Datastax Cassandra Administrator Certification Questions and Answer (Pratice Questions and Dumps)

Question-: You know when you write the data in Cassandra cluster there are various possible places where data would be written and while reading data back it checks all these storages to retrieve the latest possible data. However, for efficiency it needs to store the data in sorted order by clustering columns. Which of the following storage would have data stored by clustering column?

A. MemTable
B. SSTable
C. Partition Key Cache
D. Row Cache
E. Commit log

Answer: A, B
Exp: While writing the data Cassandra first write the data in the MemTable as well as CommitLog. In MemTable data would be sorted by the Clustering column but in the Commit log it would be written as sequentially as on when received means append only mode. SSTables are created using the Memtables, after certain interval all the MemTables are compacted and created as SSTable and would be stored on the disk. Once SSTables are created they can not be modified. Only new SSTable can be created from existing SSTable.

Admin and Dev both

Question-: Please map the following

A. Row Cache
B. Bloom Filter
C. Partition Key Cache
D. Partition Summary
E. Partition Index
F. Compression offset map

1. Subset of the partition data stored on disk in the SSTables will be stored in memory
2. Helps in finding which SSTables can have requested data
3. Access Mostly Uused Products by 50000+ Subscribers
4. Stores the sampling of partition index.
5. Stores an index of all partition keys mapped to their offset.
6. Stores pointers to the exact location on disk where the desired partition data will be found.

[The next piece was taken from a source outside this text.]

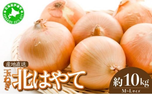 【オンライン決済限定商品】 北海道伊達市より、木須農園の「玉ねぎ 北はやて」です。 農園から産地直送! 美味しい北海道の野菜を、どうぞご賞味ください。 ◆北の大地が育んだ野菜 伊達市の「木須農園」で栽培された、たまねぎは、寒暖差により、野菜の甘みが際立っています。 暑さに弱い玉ネギは、北海道の気候に適しており、 その中でも早採りの北はやては、生で食べても辛みが少ない品種です。 ◆タマネギ(北はやて) 甘みとコクが特徴の『北はやて』。 生食でも美味しく、サラダやマリネにしても美味しいです。 加熱するとさらに甘みが引き立ちます。 ◆新鮮・採れたてを味わい尽くす 生のまま薄くスライスしてサラダやマリネに。 玉葱の甘さをより一層味わいたい方は、野菜炒めや肉じゃが、オニオンスープにもどうぞ。 《伊達野菜を堪能》 採れたてを約10kg(M-Lサイズ混合)農園からお届け。 伊達野菜を思う存分味わえます。 ご自宅用だけでなく、お裾分けにしても喜ばれます。 木須農園自慢の野菜を、皆様の食卓へ。 北海道が育んだ玉ねぎを、ぜひご堪能下さい! 【伊達市とは】 恵まれた環境を活かし、多品目の野菜を生産しています。 他地域よりもひと足早く収穫・出荷できる春早出し野菜や、 ハウス栽培で育てた冬野菜など、道内有数の農産地です。 ※画像はイメージです。 ※こちらの商品は、「オンライン決済限定商品」です。 ※到着後はお早めにお召し上がりください。 ※到着日の指定はお受けできません。 ※天候や生育状況により、出荷時期が前後する場合がございます。 ※ご不在等によりお受け取りいただけなかった場合の再送はいたしません。
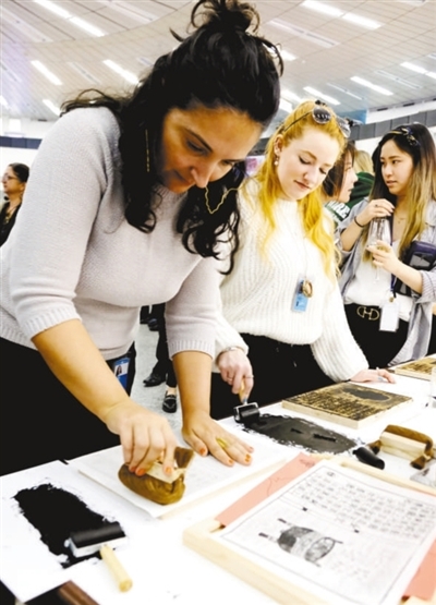 参观者在体验中国传统拓印。

Answer: A-1, B-2, C-3, D-4, E-5
Exp: Cassandra read path goes through the various storages and indexes to return the correct data. And it uses the caches, summary, indexes etc. Let’s check one by one in sequence.

1. Memtable: This is in memory data structure, if desired data is found in that. It would be written from here only. Because it would have entire row requested stored. Hence, no further read require until and unless there is read repair.
2. Row Cache: It caches only when enabled. Which stores a subset of the partition data which is stored on disk in SSTable and bring in memory. It is off-heap storage and should not be considered while setting Java memory. And you have to specify the amount of memory you want to use as a cache. Remember it is not writing through. If a write comes in for the row, the cache of that row is invalidated and is not cached again until the row is read. If the partition is updated then the entire partition will be evicted from the cache. If the desired partition is not found in cache then Bloom Filter would be checked.
3. Access Mostly Uused Products by 50000+ Subscribers
4. Partition Key Cache: This is again needing to be enabled and off-heap. It stores the sampling of the partition index. A partition index contains all partition keys.
5. Partition Index: It is on the disk and stores an index of all partition keys mapped to their offset.
6. Compression offset map: It stores pointers to the exact location of disk that the desired partition data will be found.

Admin only

Question-: Please map the following

A. Partition Summary
B. Key Cache
C. SSTables
D. Partition Index

1. Stores the byte offset into the partition index.
2. Stores the byte offset of the most recently accessed records.
3. Access Mostly Uused Products by 50000+ Subscribers
4. Stores the index of all partition keys mapped to their offset.

Answer: A-1,B-2,C-3,D-4

Explanation: Cassandra read path goes through the various storages and indexes to return the correct data. And it uses the caches, summary, indexes etc. Let’s check one by one in sequence.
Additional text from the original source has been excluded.